--- SOURCE DATA ---

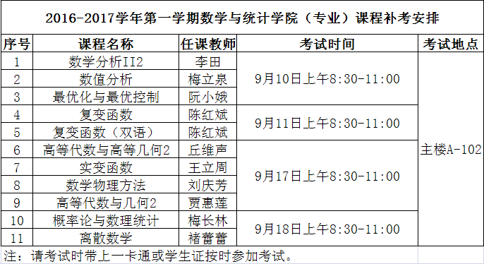 数学学院2016-2017学年第一学期本科专业课程补考安排
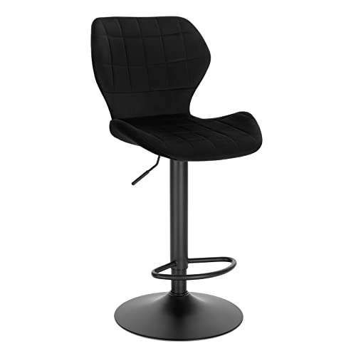WOLTU barpall set med 1 höjdjusterbar pall 60-82 cm 360° snurrstol med ryggstöd fotstöd barstol av sammetsmetall ståpall svart BH324sz-1
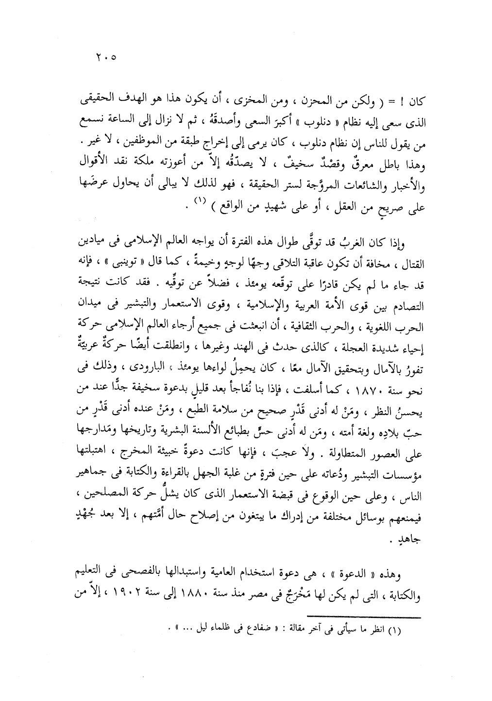 كان = (ولكن من المحزن ومن المخزى أن يكون هذا هو الهدف الحقيقى الذي سعى إليه دنلوب أكبر السعى وأصدقه ثم لا نزال إلى الساعة نسمع من يقول للناس إن نظام دنلوب كان يرمى إلى أخراج طبقة من الموظفين لا غير. وهذا باطل معرق وقصد سخيف لا يصدقه إلا من أعوزته ملكة نقد الأقوال والأخبار والشائعات المروجة لستر الحقيقة فهو لذلك لا يبالى أن يحاول عرضها على صريح من العقل أو على شهيد من الواقع) (1).

---

■ WORK TO BE COMPLETED: Start to finish, write out the data above exactly, omitting all pictures.

■ OUTPUT OF THE TASK:
 数学学院2016-2017学年第一学期本科专业课程补考安排
WOLTU barpall set med 1 höjdjusterbar pall 60-82 cm 360° snurrstol med ryggstöd fotstöd barstol av sammetsmetall ståpall svart BH324sz-1
 كان = (ولكن من المحزن ومن المخزى أن يكون هذا هو الهدف الحقيقى الذي سعى إليه دنلوب أكبر السعى وأصدقه ثم لا نزال إلى الساعة نسمع من يقول للناس إن نظام دنلوب كان يرمى إلى أخراج طبقة من الموظفين لا غير. وهذا باطل معرق وقصد سخيف لا يصدقه إلا من أعوزته ملكة نقد الأقوال والأخبار والشائعات المروجة لستر الحقيقة فهو لذلك لا يبالى أن يحاول عرضها على صريح من العقل أو على شهيد من الواقع) (1).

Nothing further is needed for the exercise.